Proof. We do it by \(\nu_p\)’ing. First, notice that \(\nu_p(\lcm(1,2,\ldots,n+1)) = \left\lfloor \log_p n+1 \right\rfloor.\) Ok, great.

Now, treat \(n=a\cdot p^k-1\) for \(a\perp p\) as a separate case.

For the binomial coefficients we have \[\nu_p( (n+1)(n+0)(n-1)\cdots (n-i+1) ) - \nu_p(i!).\] We can think of this like a game! You get dropped into the natural numbers, and get to walk forward \(i\) steps. You collect \(\nu_p(x)\) points for walking on tile \(x\). How many points can you get compared to someone else who is playing the same game?

Well, it turns out the following fact is useful for analyzing the game:

\[\nu_p(w!) \le \nu_p((n+w)!) - \nu_p(n!).\] In fact, this is an immediate consequence of the inequality: \[\left\lfloor x-y \right\rfloor \le \left\lfloor x \right\rfloor-\left\lfloor y \right\rfloor.\] Because we use the formula: \[\nu_p(n!) = \sum_{i\ge 1} \left\lfloor n/p^i \right\rfloor.\]

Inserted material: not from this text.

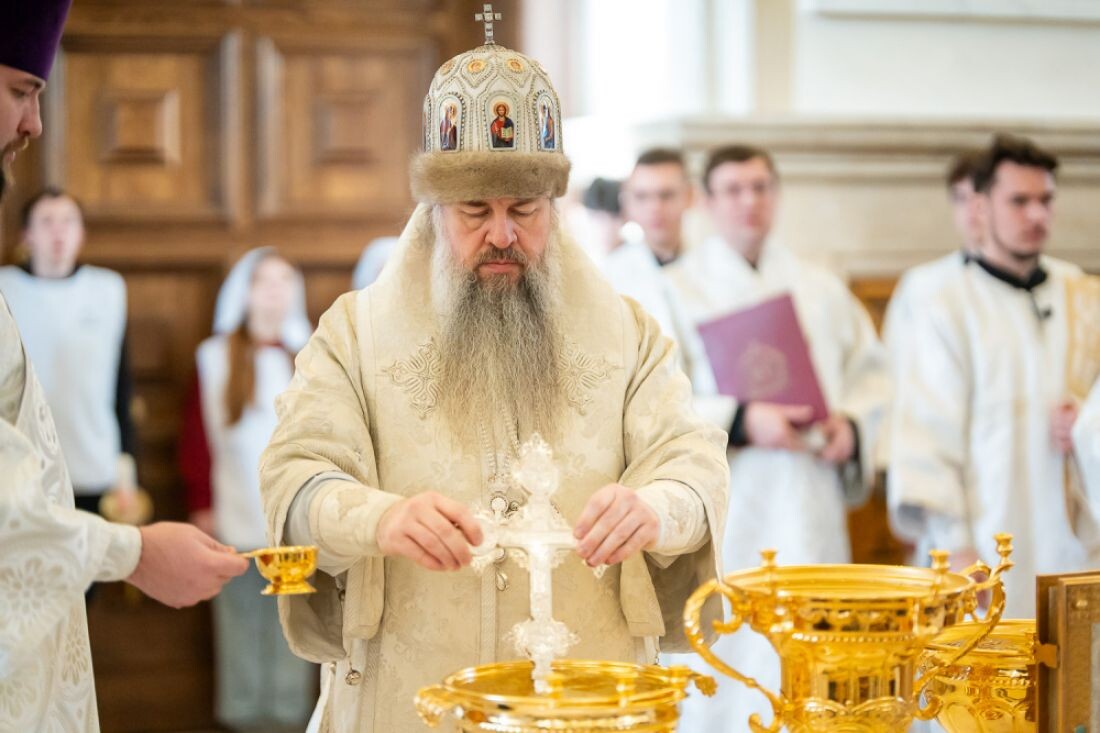 Сегодня, 18 января, митрополит Пензенский и Нижнеломовский Серафим провел литургию святителя Иоанна Златоуста в Спасском кафедральном соборе Пензы. Богослужебные песнопения исполнил хор Спасского кафедрального собора под руководством регента Ольги Горшеневой. Перед причастием проповедь произнес священник Евгений Климчев. После литургии состоялась великая вечерня. В конце священнослужители вышли в центр храма под пение тропарей «Глас Господень на водах», где глава Пензенской митрополии совершил великое освящение воды. Затем митрополит Серафим и духовенство, стоя перед зажженной свечой в центре храма, пропели тропарь и кондак Крещению Господню. В конце богослужения Высокопреосвященный митрополит Серафим поздравил верующих с сочельником и наступающим праздником, сообщает Пензенская епархия. Крещенская вода, или великая агиасма, освящается в память о крещении Иисуса Христа в реке Иордан. Чин великого освящения проводится дважды в год: в Крещенский сочельник и в сам праздник Крещения Господ

So, now that we understand the game, how does the game help? Let’s call the players “top” and “bottom” for numerator and denominator. Well, then once top gets a good point thing, he resets to the start basically, and doesn’t get any further ahead, until bottom also gets the good point thing that top got. So, top is only ever ahead by at most once. And it will be ahead at least once too because just think about it.